The Real Thing: Imitation and Authenticity in American Culture 1880-1940, by Miles Orvell
(Chapel Hill: The University of North Carolina Press, 1989): 382
Reviewed by Shoshanna Kook
I might acknowledge that hauling the cumbersome American Literature anthology was advantageous for those of us in need of a little pre-spring break muscle toning. Although Whitman who said, "I will accept nothing which all cannot have their counterpart of on the sound terms," might have applauded our anthology, democratically allotting each of the artists the same generic tissue-like paper with the same scrawny text, I am glad to be done with it. Missing from its pages, are the visual images and material objects that bring the individual writers and the world that prompted their texts to life. The ENAM 312/712 class web site has enhanced our understanding of the texts we have read by introducing the material objects of popular culture as a proscenium for each work. Miles Orvell's The Real Thing: Imitation and Authenticity in American Culture 1880-1940 comes at American literature through the same back door. Orvell looks to the major shifts in material culture and the arts starting in the late nineteenth century to explain parallel changes in American literary themes and form. Exploring the dramatic shifts in technology and explosion of material goods, Orvell argues that the literature during these decades reflects a consistent tension between imitating pre-existing forms, either inherited from Europe or mass-produced by a machine and a new passion for "the real thing" - the authentic or original possession or experience.
Orvell begins, conveniently for the purposes of our course, with a chapter on Whitman. As the first author of his day to embrace the changing conditions of modern life in his work, Whitman used free-verse catalogue - a series of concrete, single images of people, things, or places - to capture the energy and innovation of the city. He cites Whitman's work as the literary equivalent to the introduction of the camera in the 1840s, arguing that it was the invention of the camera that provided the foundation for Whitman's way of looking at the world. While Whitman encouraged readers to engage in "contact with real things themselves," he himself spent hours perusing daguerreotype galleries in Manhattan saying, "You will see more life there - more variety, more human nature," as he studied the pictures. I enjoyed the chapter on Whitman because while I had always imagined Whitman as a rebel moving against the tide of popular culture, Orvell demonstrates how his work shows an immersion in the trends of his day. Whitman's work was controversial because it called for the artist to assimilate the realities of the city as viewed through the naked eye, rather than adjusting its picture to appease the expectations of a so-called elite culture.
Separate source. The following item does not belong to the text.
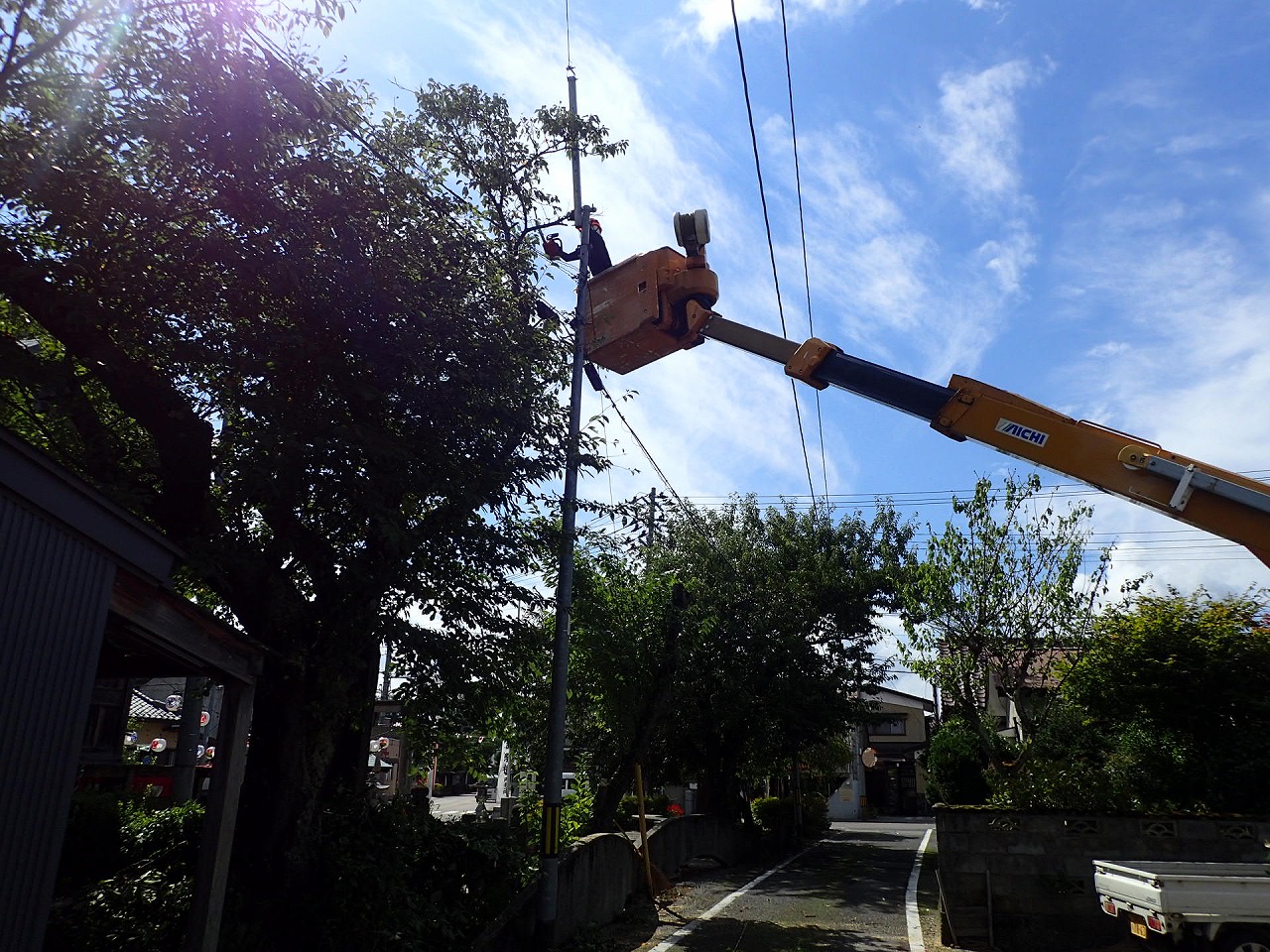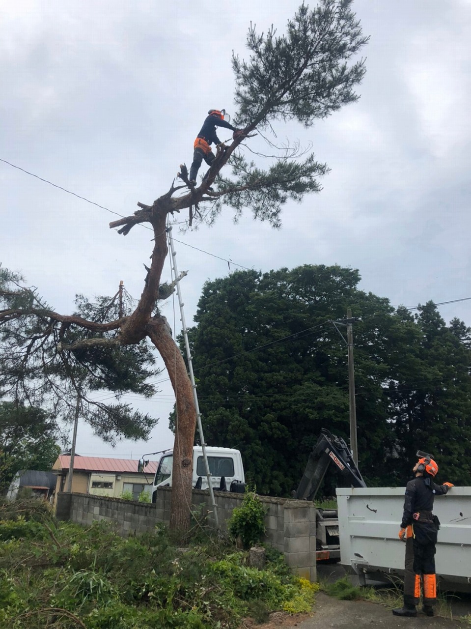 大径木でもおまかせ下さい!電線や建物を除けながらの伐採も経験豊富なスタッフが迅速、丁寧に作業します。

Orvell also addresses the distinction between Realists (such as Twain and James) and those who told reality as their story (Dreiser and Crane). The industrialization of the late nineteenth century made it possible for elite objects and culture to be imitated, mass produced, and distributed among the middle class. Although this democratized the marketplace making expensive items more readily available, it also introduced Americans to the possibility of fraud. For the first time someone could purchase a couch that looked authentically European and find that the upholstery was not hand sewn and a wood graining surface had been painted over an artificial material. As people began to question the authenticity of the world around them, photo-journalism became increasingly popular, promising to represent the objective perspective and tell the "truth." While James appreciated the "deceptive atmosphere of art" and saw the artist as one who had, "the control of the angle in depicting a scene visually, the control of what the reader knows at any given moment, all to achieve a calculated effect," Dreiser wrote photographically by describing pictures of "real life" synthesized through his mind. While Twain's art lay in his ability to create an illusion from inside a studio, Crane fused art with his own personal experiences - such as being wrecked in a boat - to create the final narrative. As with Whitman's work, Orvell explains how both Crane and Dreiser's works were symptomatic of the larger social and industrial changes.
Following this pattern with American literature through William Carlos Williams' poetry, The Real Thing complements the ENAM 312/712 curriculum by showing how the "things" in our class' isolated time period helped mold the literature of the day. Grounding the writers of a time period in their material surroundings makes them more accessible. Orvell dismantles the notion that the writers on our syllabus were isolated inspired men who thought great things by showing each author's work as a telling of their own physical world. His points would be useful in convincing my future high school students that their writing about the material culture and their own personal experience is worth writing about, that they have something valuable to say.
Unfortunately, Orvell's reading of the time period is limited by his neglect to include any of the non-white or female authors on our syllabus (Dickinson, Chestnutt, Chopin, and Gilman), while thoroughly addressing including all of the white males authors on our syllabus during the prescribed years. I question whether his thesis about the relationship between authenticity and imitation in material culture and literature would hold weight with the writing of Dickinson or Chestnutt, writers marginalized by the common material culture. Although Orvell's argument might only hold true for the selected demographic group he includes in his book, I enjoyed following the connections he made between physical trends in photography and technology and the form and themes of the authors. In spite of the hole in Orvell's approach, I would recommend The Real Thing for the tangibility it brings to the literature we are reading.